The 2020 Missouri Secretary of State General election was held on November 3, 2020, to elect the Secretary of State of Missouri. It was held concurrently with the 2020 U.S. presidential election, along with elections to the United States Senate and United States House of Representatives, as well as various state and local elections. Incumbent Republican Secretary of State Jay Ashcroft won re-election to a second term.
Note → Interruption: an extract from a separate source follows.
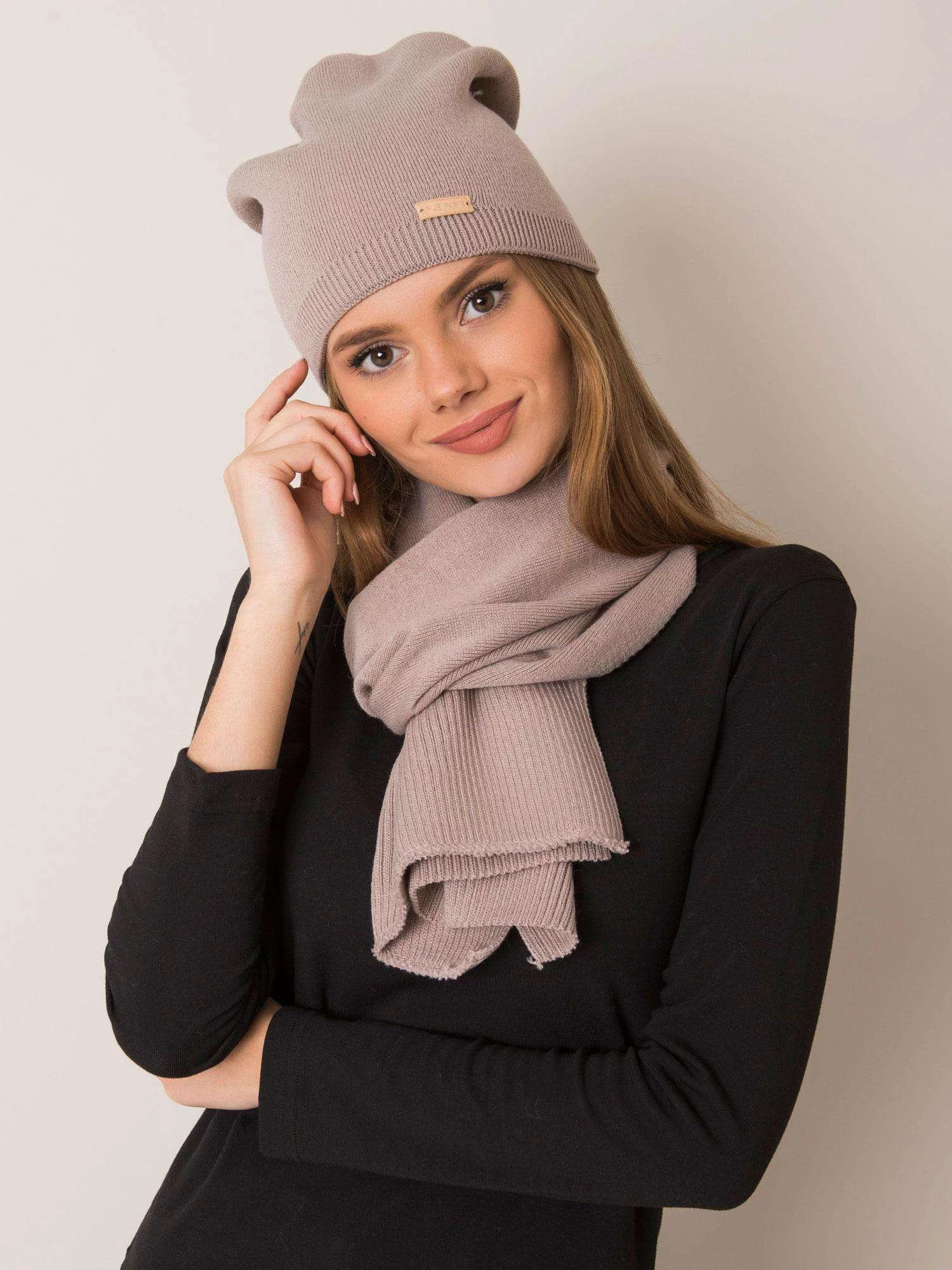 Produkt Dámský set čepice a šála KMPL-1 - RUE PARIS prodáváme v těchto velikostech: one sizea barvách béžová

Ashcroft won with more votes than any candidate in Missouri history.

==Republican primary==
===Candidates===
====Declared====
- Jay Ashcroft, incumbent Secretary of State of Missouri

====Withdrawn before primary====
- Dale Manzo, student at Harvard University and COO of Manchester Electrical Contractors

===Results===

Republican primary results
| Party |  | Candidate | Votes | % |
|---|---|---|---|---|
|  | Republican | Jay Ashcroft (incumbent) | 620,822 | 100.0% |
| Total votes |  |  | 620,822 | 100.0% |

==Democratic primary==
===Candidates===
====Declared====
- Yinka Faleti, nonprofit executive and U.S. Army veteran

===Results===

Democratic primary results
| Party |  | Candidate | Votes | % |
|---|---|---|---|---|
|  | Democratic | Yinka Faleti | 470,955 | 100.0% |
| Total votes |  |  | 470,955 | 100.0% |

==Third parties==
=== Constitution Party ===
====Candidates====
=====Declared=====
- Paul Venable, information technology consultant

====Results====

Constitution primary results
| Party |  | Candidate | Votes | % |
|---|---|---|---|---|
|  | Constitution | Paul Venable | 573 | 100.0% |
| Total votes |  |  | 573 | 100.0% |

=== Green Party ===
====Candidates====
=====Declared=====
- Paul Lehmann, farmer

====Results====

Green primary results
| Party |  | Candidate | Votes | % |
|---|---|---|---|---|
|  | Green | Paul Lehmann | 860 | 100.0% |
| Total votes |  |  | 860 | 100.0% |

=== Libertarian Party ===
====Candidates====
=====Declared=====
- Carl Herman Freese, security officer

====Results====

Libertarian primary results
| Party |  | Candidate | Votes | % |
|---|---|---|---|---|
|  | Libertarian | Carl Herman Freese | 4,074 | 100.0% |
| Total votes |  |  | 4,074 | 100.0% |

==General election==
===Predictions===

| Source | Ranking | As of |
|---|---|---|
| The Cook Political Report | Safe R | June 25, 2020 |

===Polling===

| Poll source | Date(s) administered | Sample size | Margin of error | John Jay Ashcroft (R) | Yinka Faleti (D) | Undecided |
|---|---|---|---|---|---|---|
| Remington Research Group/Missouri Scout | August 12–13, 2020 | 1112 (LV) | ± 3.0% | 55% | 38% | 7% |
| Human Agency/Missouri Scout | December 20–24, 2019 | 415 (RV) | ± 5% | 55% | 31% | 14% |
| Human Agency/Missouri Scout | October 18–20, 2019 | 550 (RV) | ± 4% | 51% | 30% | 19% |

===Results===

Missouri Secretary of State election, 2020
| Party |  | Candidate | Votes | % | ±% |
|---|---|---|---|---|---|
|  | Republican | Jay Ashcroft (incumbent) | 1,790,873 | 60.59% | +2.97% |
|  | Democratic | Yinka Faleti | 1,072,415 | 36.28% | −2.17% |
|  | Libertarian | Carl Herman Freese | 55,320 | 1.87% | −2.06% |
|  | Green | Paul Lehmann | 23,981 | 0.81% | N/A |
|  | Constitution | Paul Venable | 13,066 | 0.44% | N/A |
| Total votes |  |  | 2,955,655 | 100.0% |  |
|  | Republican hold |  |  |  |  |

====By congressional district====
Ashcroft won six of eight congressional districts.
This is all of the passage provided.